**AIM OF THE EXERCISE:**
All the data below goes into the copy word for word, but the pictures don't.

**DATA:**
☆ ☆ ☆

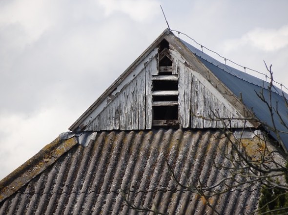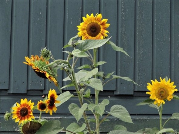 Zonnebloemen tegen schuur, Zijlvesterweg Leegkerk:
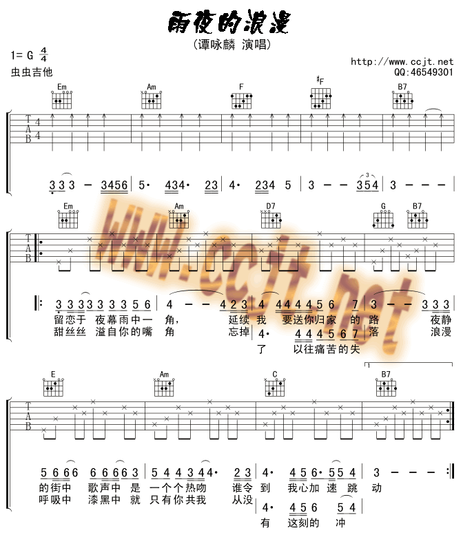 雨夜的浪漫-谭咏麟(吉他谱 吉他曲谱 吉他六线谱 吉他歌谱 吉它谱 影视吉他谱)
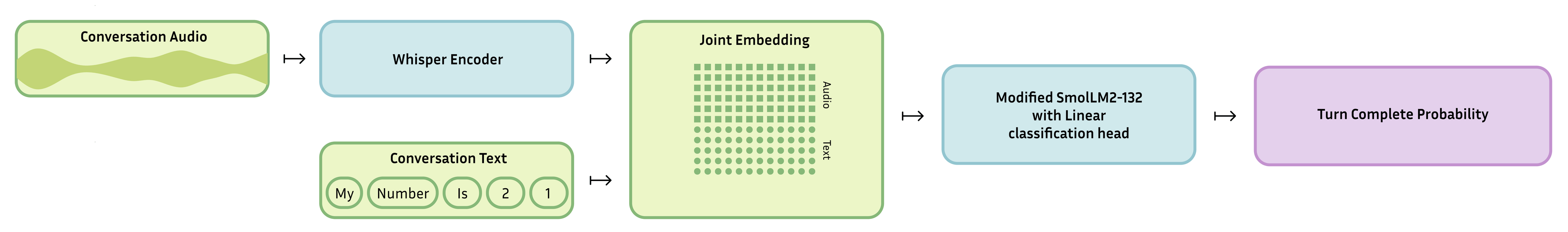The audio embeddings are prepended to the text sequence, allowing the language model to attend jointly across both modalities. This design enables the model to reason about questions like "Given the acoustic properties of this utterance and the conversational context, has the speaker finished their turn?"
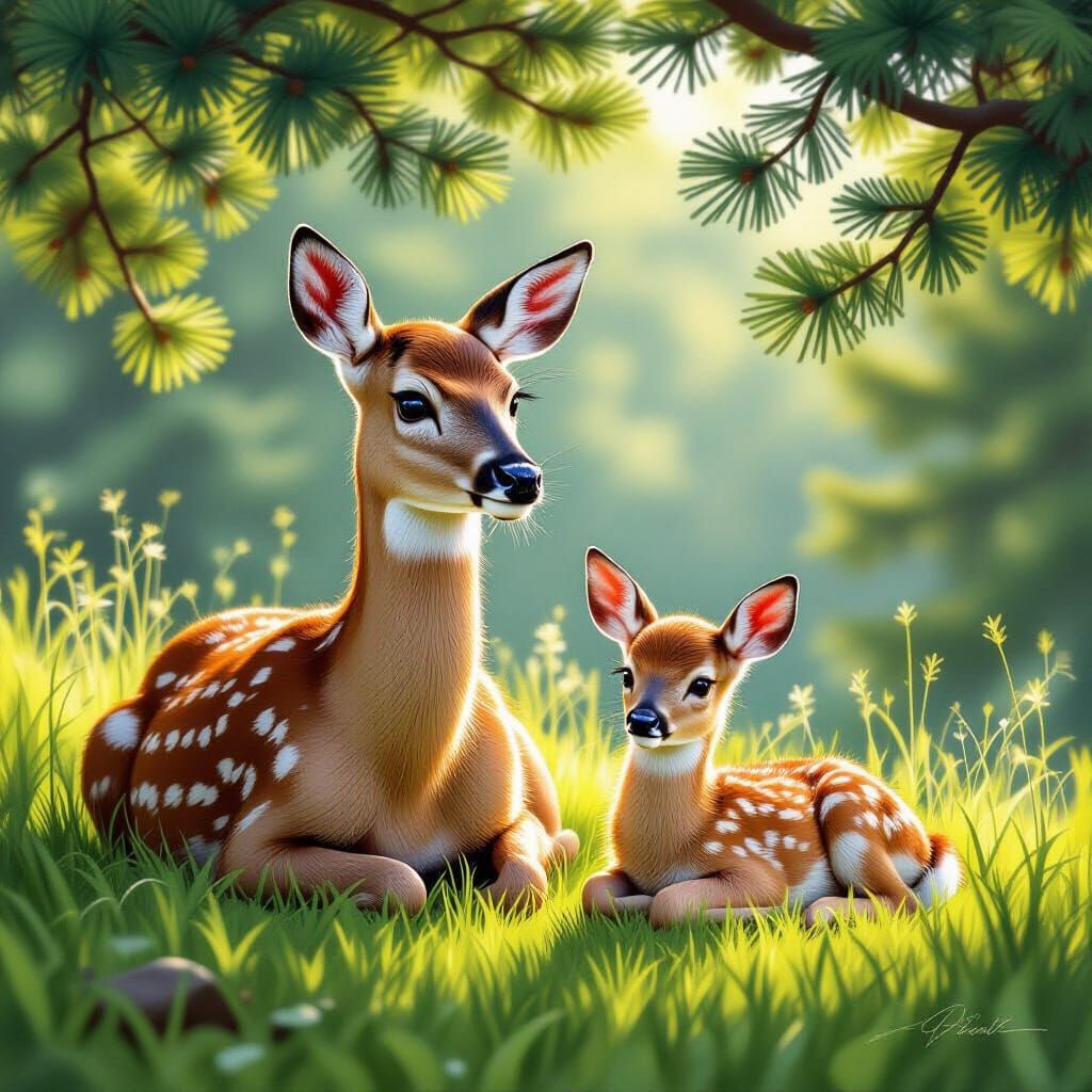 This image shows a mother deer and her fawn resting on grass under spruce trees. The scene is illuminated by atmospheric light, highlighting their bond. Created as a detailed digital matte painting with charcoal drawing elements.

☆ ☆ ☆

**TASK RESULT:**
 Zonnebloemen tegen schuur, Zijlvesterweg Leegkerk:
 雨夜的浪漫-谭咏麟(吉他谱 吉他曲谱 吉他六线谱 吉他歌谱 吉它谱 影视吉他谱)
The audio embeddings are prepended to the text sequence, allowing the language model to attend jointly across both modalities. This design enables the model to reason about questions like "Given the acoustic properties of this utterance and the conversational context, has the speaker finished their turn?"
 This image shows a mother deer and her fawn resting on grass under spruce trees. The scene is illuminated by atmospheric light, highlighting their bond. Created as a detailed digital matte painting with charcoal drawing elements.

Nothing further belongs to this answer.